Drop all pictures and repeat exactly the lines from the line holding "Manual focus telephoto" through the end of the records.

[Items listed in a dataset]
• • • • • • •

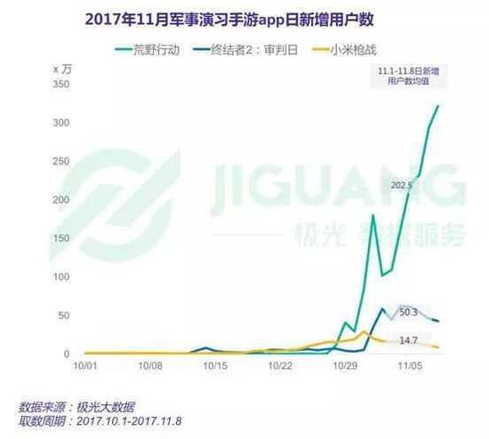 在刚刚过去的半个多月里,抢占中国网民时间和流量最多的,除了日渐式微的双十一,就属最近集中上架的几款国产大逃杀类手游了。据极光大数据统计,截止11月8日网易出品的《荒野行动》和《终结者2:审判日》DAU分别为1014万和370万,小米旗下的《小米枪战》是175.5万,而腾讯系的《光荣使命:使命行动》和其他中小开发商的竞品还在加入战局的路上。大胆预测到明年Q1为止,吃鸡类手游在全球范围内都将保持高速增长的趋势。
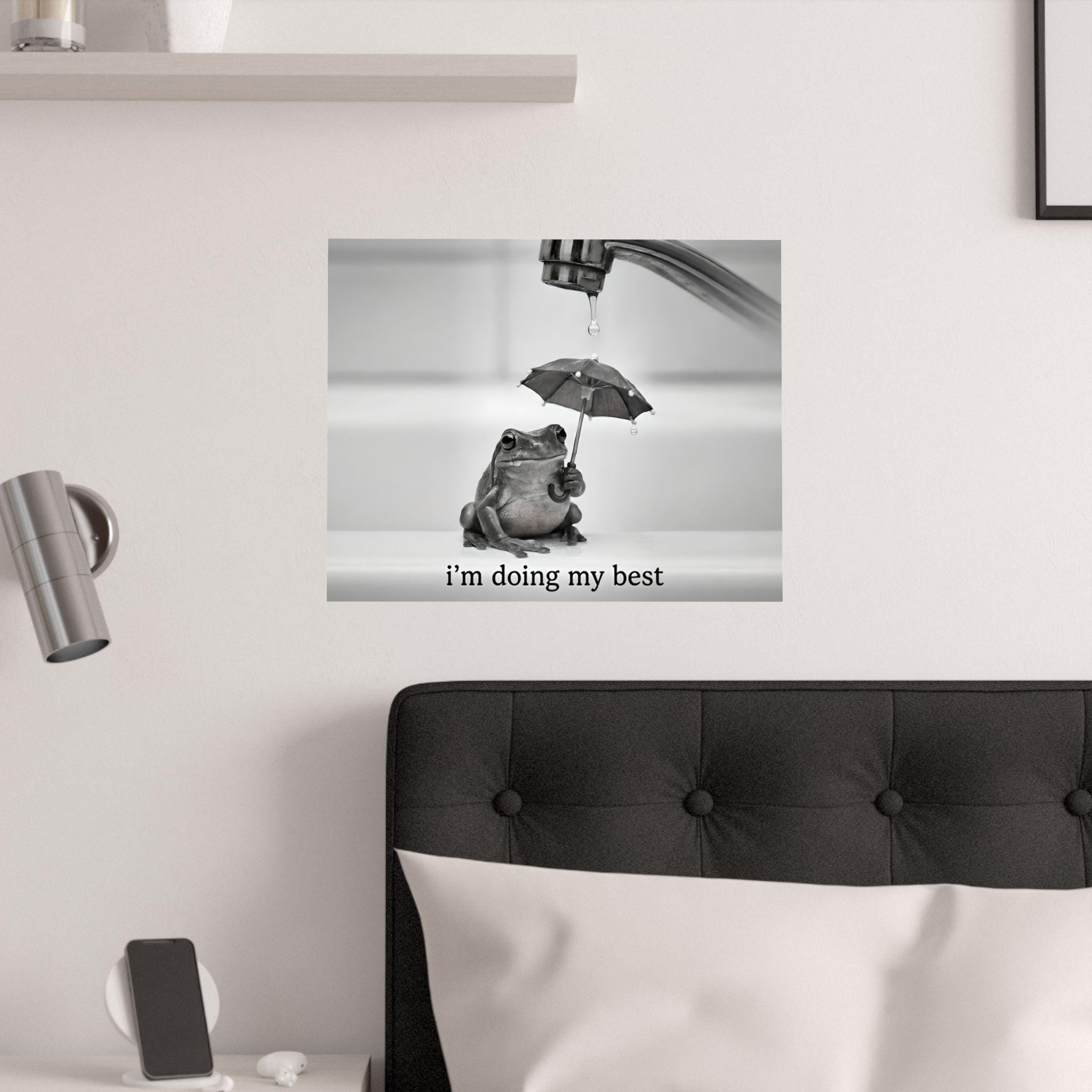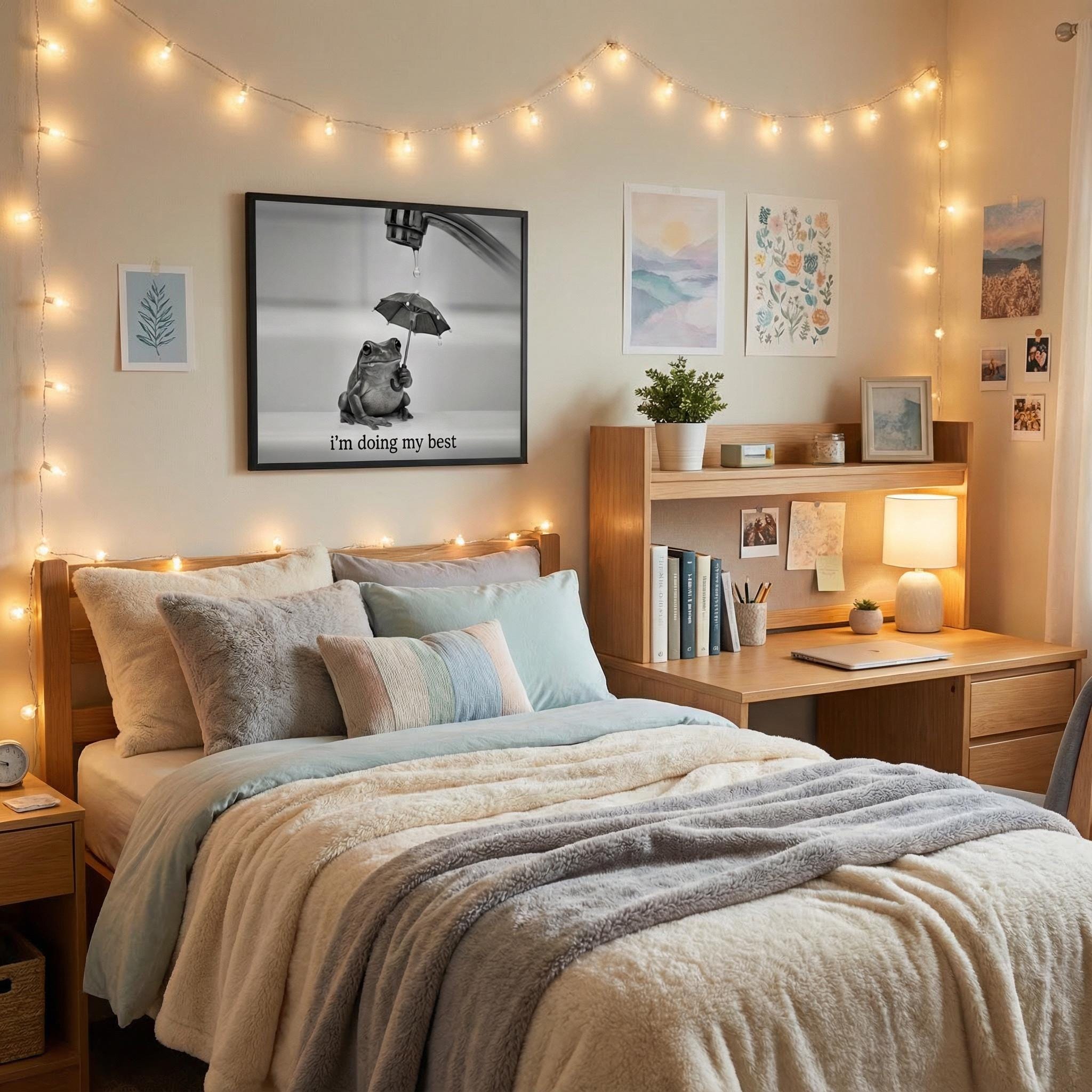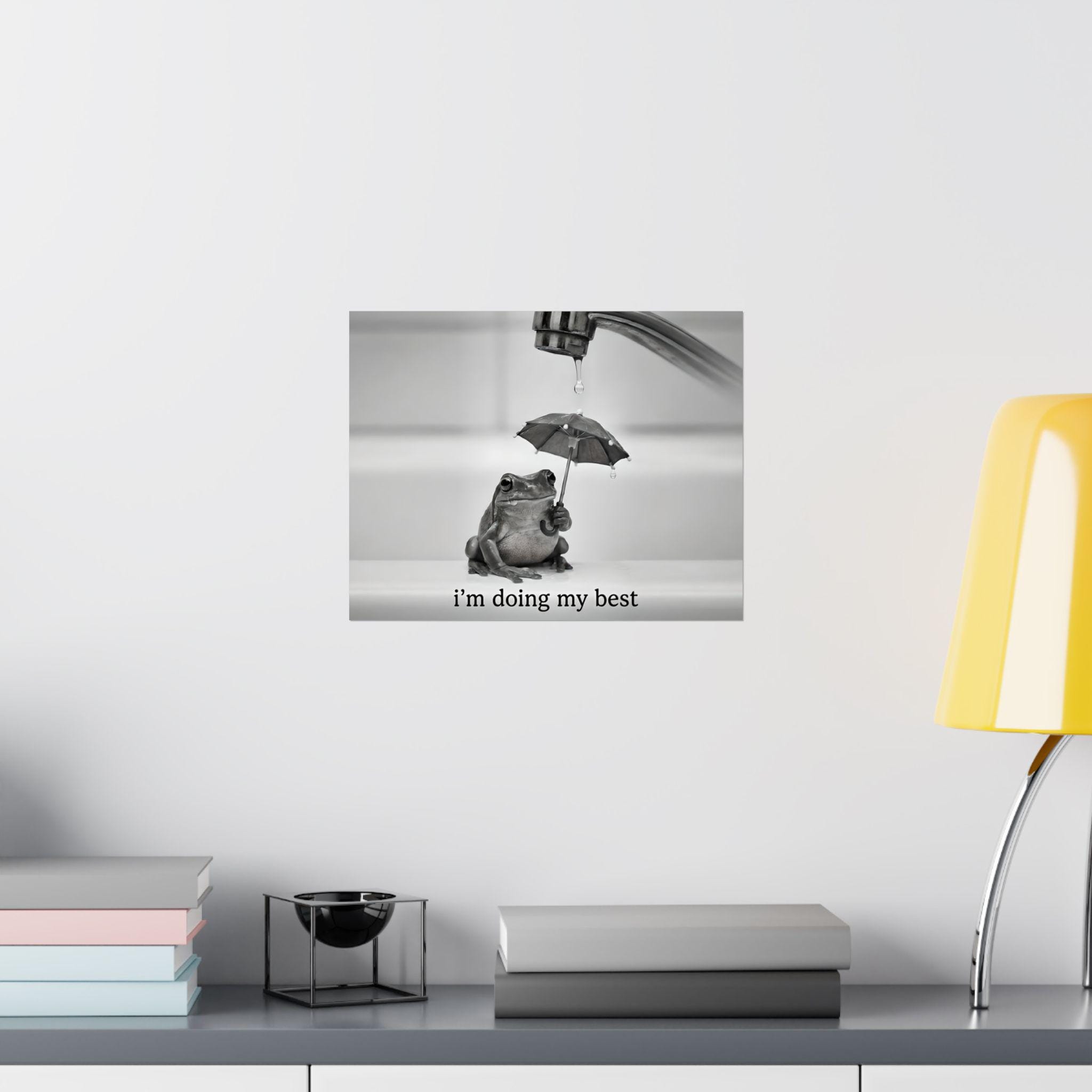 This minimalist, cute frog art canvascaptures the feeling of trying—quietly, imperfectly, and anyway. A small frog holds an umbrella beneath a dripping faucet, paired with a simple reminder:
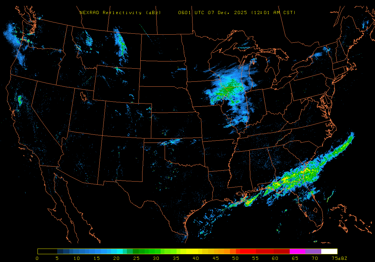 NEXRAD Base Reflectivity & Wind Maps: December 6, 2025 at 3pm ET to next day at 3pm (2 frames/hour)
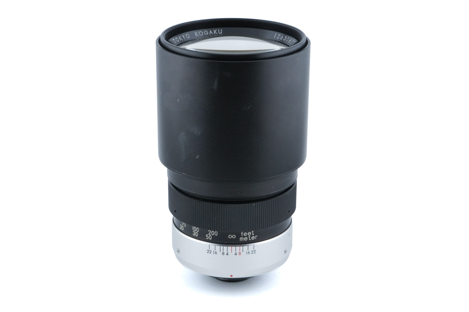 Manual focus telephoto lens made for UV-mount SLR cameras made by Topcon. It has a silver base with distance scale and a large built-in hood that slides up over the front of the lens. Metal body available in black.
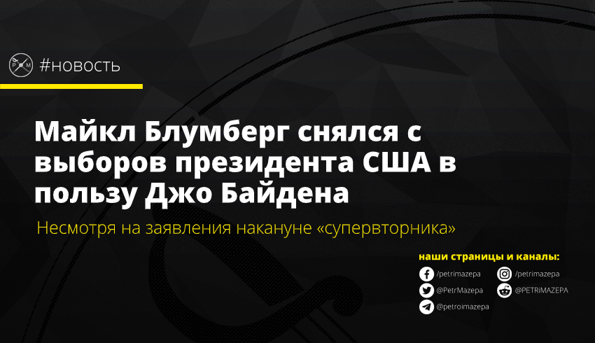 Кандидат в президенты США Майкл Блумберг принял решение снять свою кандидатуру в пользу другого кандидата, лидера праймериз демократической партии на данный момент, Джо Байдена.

• • • • • • •

EXERCISE OUTPUT |
 Manual focus telephoto lens made for UV-mount SLR cameras made by Topcon. It has a silver base with distance scale and a large built-in hood that slides up over the front of the lens. Metal body available in black.
 Кандидат в президенты США Майкл Блумберг принял решение снять свою кандидатуру в пользу другого кандидата, лидера праймериз демократической партии на данный момент, Джо Байдена.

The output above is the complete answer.